I wish to convey to your Lordships how much we are going to need strong nerves. We shall need to increase our personal information by listening to what these wonderful people of Hong Kong are telling us. We must have strong nerves in being willing to argue out with them whether the line that they are pursuing at any moment is right. Like the rest of us, they are empiricists and great opportunists. I apologise to your Lordships for another aside. A student said to me today: “I understand that your foundation gives £500 a year to the department where I work, but I do not seem to be able to get any of it to travel to London or to go to meetings".
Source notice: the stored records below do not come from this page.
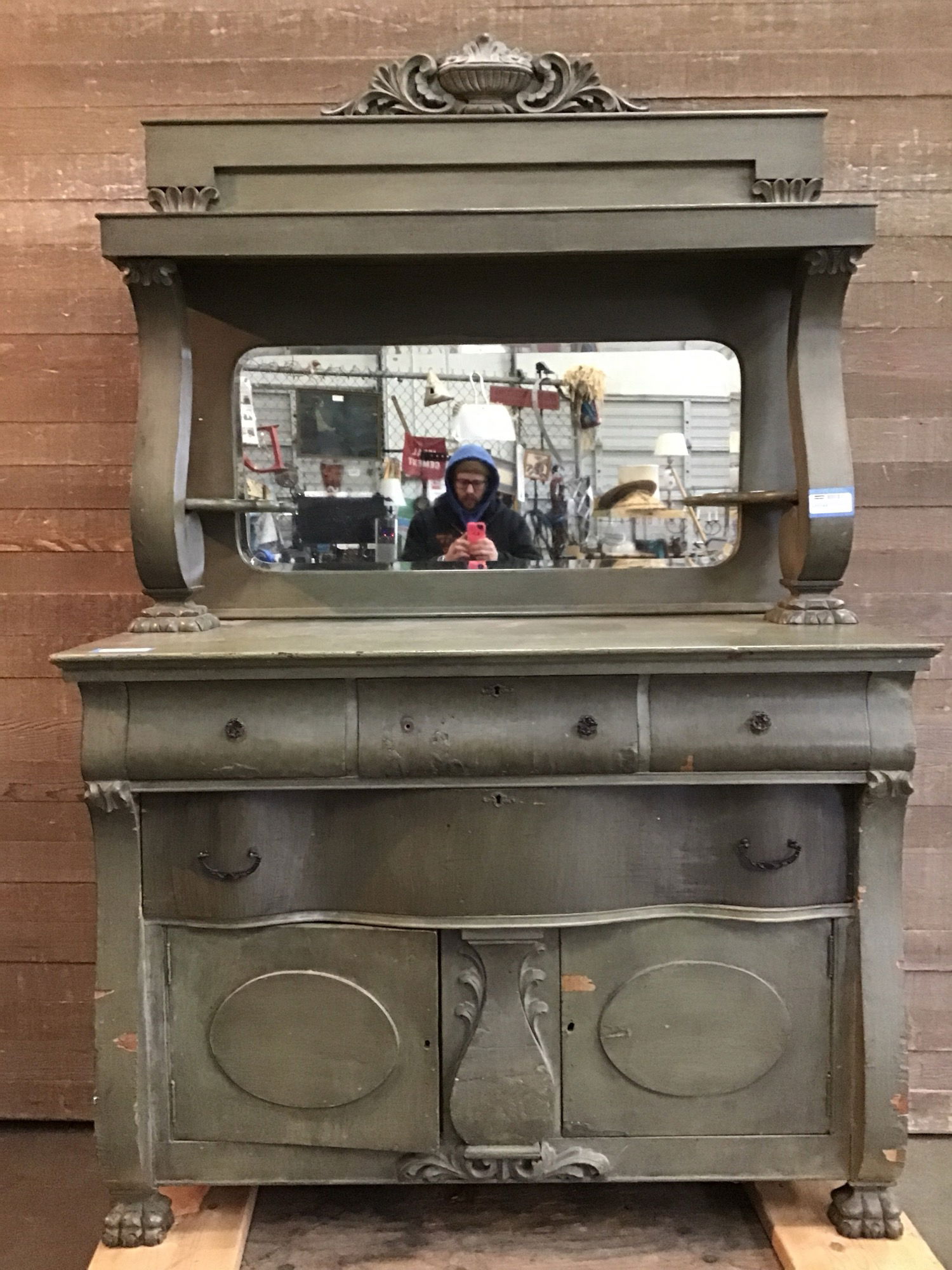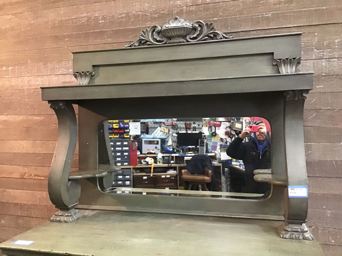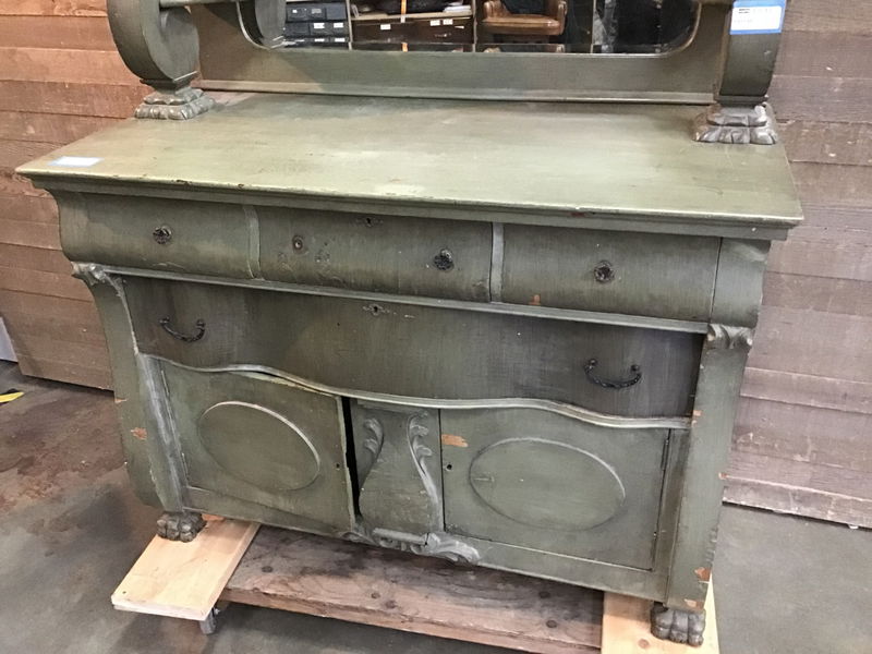 Late 19th Century Empire style Buffet with mirror. A bit of a behemoth here, and painted a rustic sage green. Unfortunately missing most of its original hardware, but that's where you come in. Would be a great addition to a retail space looking for a unique piece.
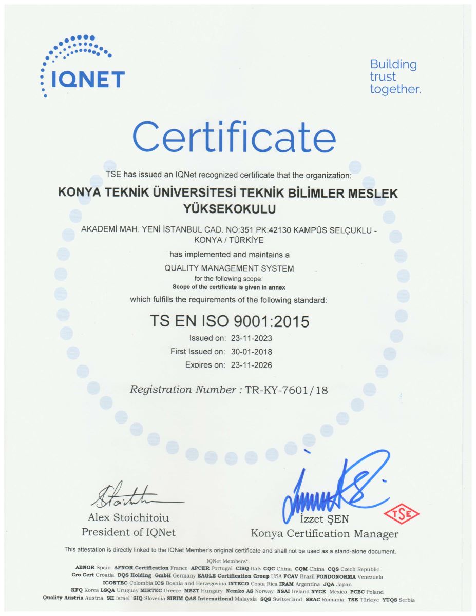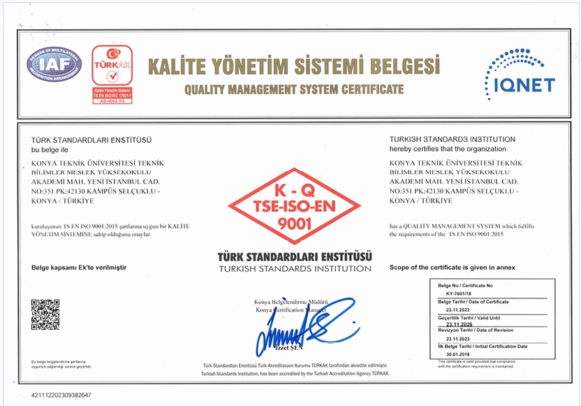 Yüksekokulumuzun eğitimde mükemmellik ve sürekli iyileştirme vizyonunun bir tescili olan TS EN ISO 9001:2015 Kalite Yönetim Sistemi Belgesi, yapılan denetimler sonucunda 2026 yılına kadar yeniden tescil edilmiştir.
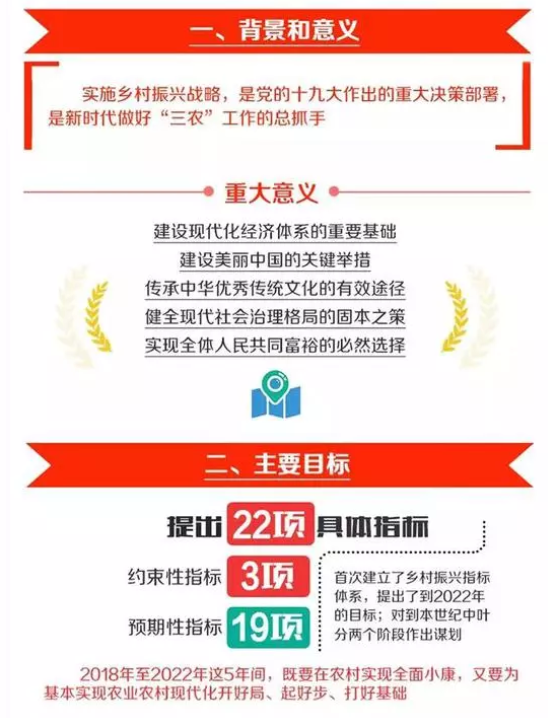 近日,中共中央、國務院印發了《鄉村振興戰略規劃(2018-2022年)》,部署了一系列重大工程、重大計劃、重大行動。這是我國出臺的第一個全面推進鄉村振興戰略的五年規劃,是統籌謀劃和科學推進鄉村振興戰略這篇大文章的行動綱領。
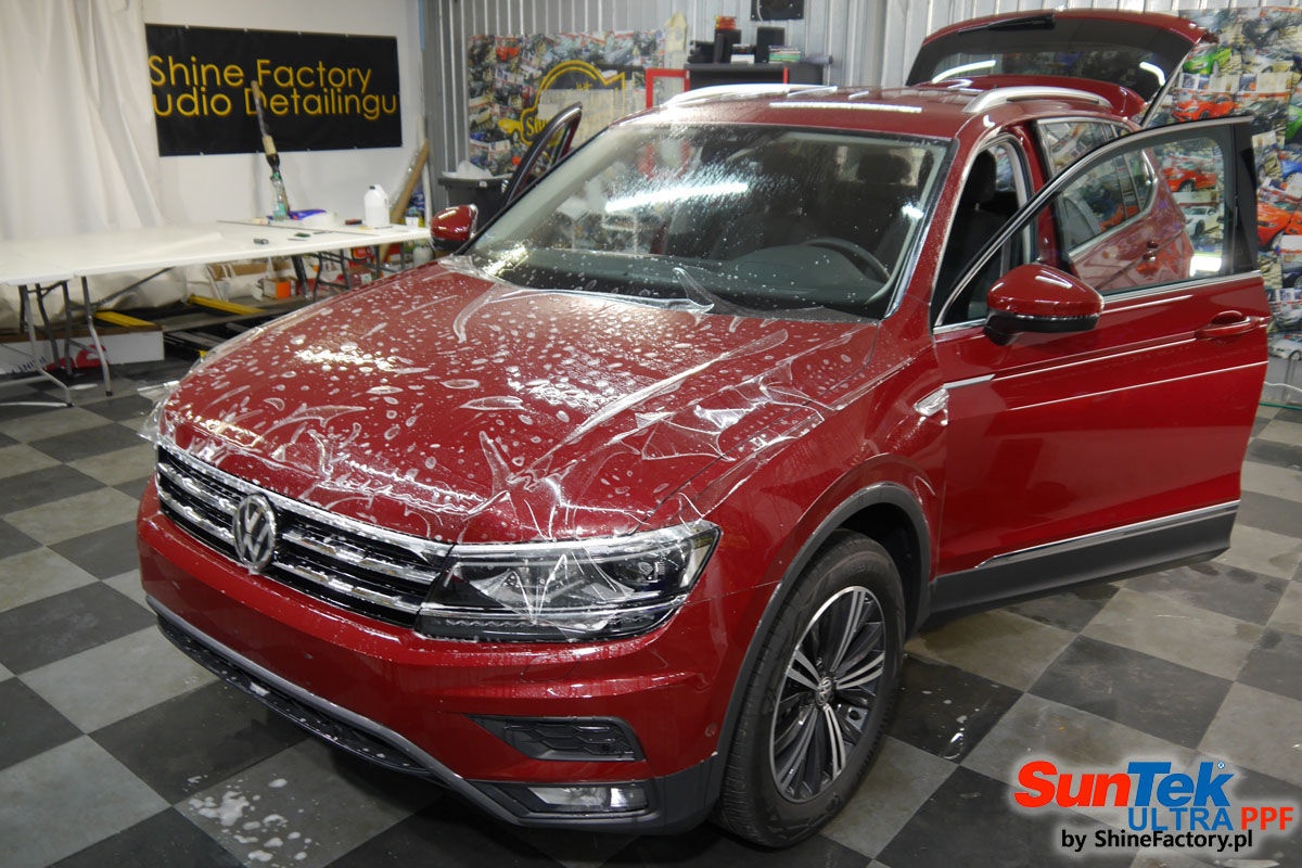 Aplikacja grubych bezbarwnych folii ochronnych staje się powoli standardem w idealnym zabezpieczeniu nowego auta. Tym razem mieliśmy przyjemność zająć się VW Tiguan z praktycznie zerowym przebiegiem, w celu możliwie najlepszego w tej chwili zabezpieczenia lakieru czyli aplikacji bezbarwnych folii ochronnych.
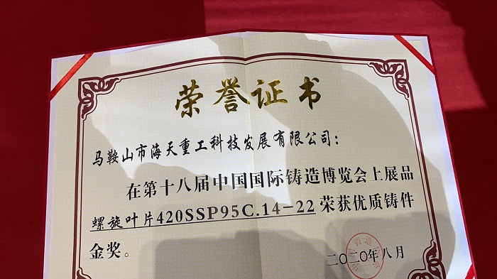 2020年8月17-19,海天在上海開展的鑄造展會取得了優(yōu)異的成績——螺旋葉片獲得了鑄件金獎。此外,很多參展客戶與廠商也紛紛與海天進行交流溝通,獲得了眾多好評。

I explained to him that the reason we give £500 to the department where he works is to offset all the incidental expenses that he incurs; for example, for electric light and even soap. As soon as that was explained to him he understood. That is part of my argument for embracing the need for the exchange of as much information as possible in the Far East and Hong Kong. The noble Lord, Lord Ennals, made the point that we are just beginning to make communication with Vietnam by using videos in order to try to slow down the flow of the boat people. That is another example of rather late communication with the Vietnamese.

We have heard from noble Lords two instances of the way in which the people of Beijing are prepared to embrace capitalism when it appears to be in their interests. These are pieces of information which we need to build into our own store of knowledge so that we are not blown off course by any unexpected development. The students said that there may be demonstrations in the streets of Hong Kong concerning voting. We shall need strong nerves to support our Foreign Secretary and the Governor if and when that situation comes about.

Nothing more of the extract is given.